= Work item =
The answer must be every entry below, word for word, with the pictures left out.

= Data in this exercise =
>>>
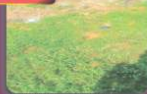
PROPERTY TYPE 5

PLOT OF LAND RIPE FOR DEVELOPMENT (450sqm) ₦3,500,000.00
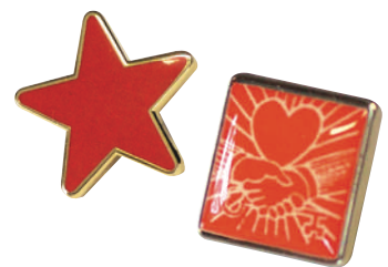
Kindness, Consideration and Respect
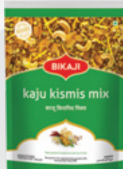
KAJU KISMIS MIX
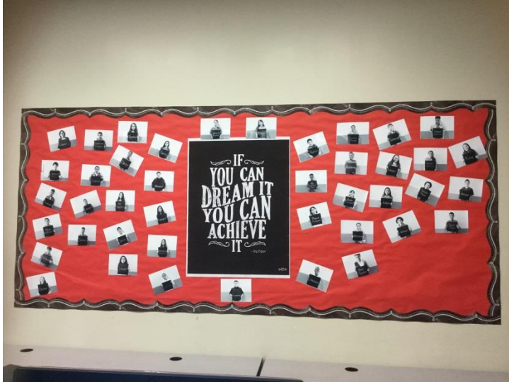
Zamboni School Computer Lab
<<<
= Output of the exercise =
PROPERTY TYPE 5

PLOT OF LAND RIPE FOR DEVELOPMENT (450sqm) ₦3,500,000.00
Kindness, Consideration and Respect
KAJU KISMIS MIX
Zamboni School Computer Lab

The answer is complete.